Bristol Heart Institute, Bristol Royal Infirmary, Bristol, BS2 8HW, United Kingdom

(Email: paulmodi{at}doctors.org.uk).

We read with interest the article by O'Brien and colleagues [1]. Many techniques of pediatric myocardial protection have been extrapolated from adult hearts, but due to the structural, functional and metabolic differences between immature and mature myocardium, this strategy does not stand up to scientific rigor. Cardioplegia should be tailored to the immature heart in the context of differences in age, cyanotic status, and pressure/volume overload, because all these variables influence the susceptibility to ischemia-reperfusion injury [2]. In fact, this is exactly why this area is so difficult to study in a clinical context.

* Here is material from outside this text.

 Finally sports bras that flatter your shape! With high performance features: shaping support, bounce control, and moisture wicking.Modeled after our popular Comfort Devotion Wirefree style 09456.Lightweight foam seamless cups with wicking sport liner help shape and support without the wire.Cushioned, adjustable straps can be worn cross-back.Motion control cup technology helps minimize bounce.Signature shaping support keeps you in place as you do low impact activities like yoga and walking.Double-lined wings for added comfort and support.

Nonphysiologic increases in tissue calcium (Ca²⁺) during ischemia or reperfusion are inevitably associated with tissue injury, and the neonatal heart may be more susceptible to calcium-mediated injury because its sarcoplasmic reticulum is not fully developed and trans-sarcolemmal calcium influx therefore plays a greater role; mitochondrial calcium uptake is also greater and the calcium sensitivity of cardiac myofilaments is markedly different. This explains why immature hearts are more sensitive to calcium channel blockers compared with adult hearts and why ischemic injury in the newborn heart can be modified with an L-type Ca²⁺ channel antagonist and is affected by changes in extracellular Ca²⁺ concentration [3]. These various factors influencing ionic homeostasis and excitation-contraction coupling vary with developmental stage, further confounding clinical studies like this one with a wide range of ages.

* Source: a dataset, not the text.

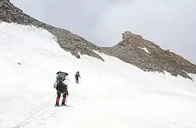 What faces a visitor to Pindari glacier at the Zero Point, along its left lateral moraine, is an immense wall of jagged, broken ice criss-crossed with thousands of seracs and crevasses. The upper icefields of the glacier are invisible from there and the near level ice mass at its lower end at the snout below recedes into insignificance. What people call the Pindari glacier is actually a huge icefall passing over a steep slope, through which a direct ascent has yet to be made. Above this lie the icefields of the surrounding heights and the névé basin of the glacier, some 8 km long, separated from the ridge above with a text-book fashion bergschrund. The lowest point on the ridge at 5312 m is the Trail's Pass. Beyond the pass to the north and east lies the Lwan valley whose catchment is the Gori ganga valley.

The use of animal models of the clinically relevant stresses that pediatric hearts are subjected to, such as hypoxia, is vital for investigating pediatric cardioplegic strategies. In an intact neonatal pig model (age 5 to 18 days), good myocardial protection was achieved in nonhypoxic hearts subjected to short ischemic intervals independent of cardioplegia Ca²⁺ concentration; however, in hypoxically stressed hearts, hypocalcemic cardioplegic solutions were superior [4]. Interestingly, pediatric cardioplegia was superior even in acyanotic hearts in this study, perhaps indicating the significant metabolic stress of volume and pressure loading to which these hearts are subjected.

Magnesium (Mg²⁺) modulates intracellular Ca²⁺ levels by inhibiting trans-sarcolemmal Ca²⁺ entry, as well as displacing Ca²⁺ from binding sites on the cell membrane. Postischemic Ca²⁺ entry is further limited because Mg²⁺ and lidocaine both prevent Na⁺ influx, the latter by blocking Na⁺ channels. Sodium accumulation during ischemia is detrimental because it is exchanged for Ca²⁺ during reperfusion due to reverse Na⁺-Ca²⁺ exchange. In the same neonatal pig model, Mg²⁺ enrichment of hypocalcemic cardioplegic solutions provided complete functional recovery in hearts subjected to severe stress (hypoxia and ischemia) rather than hypoxia alone [5].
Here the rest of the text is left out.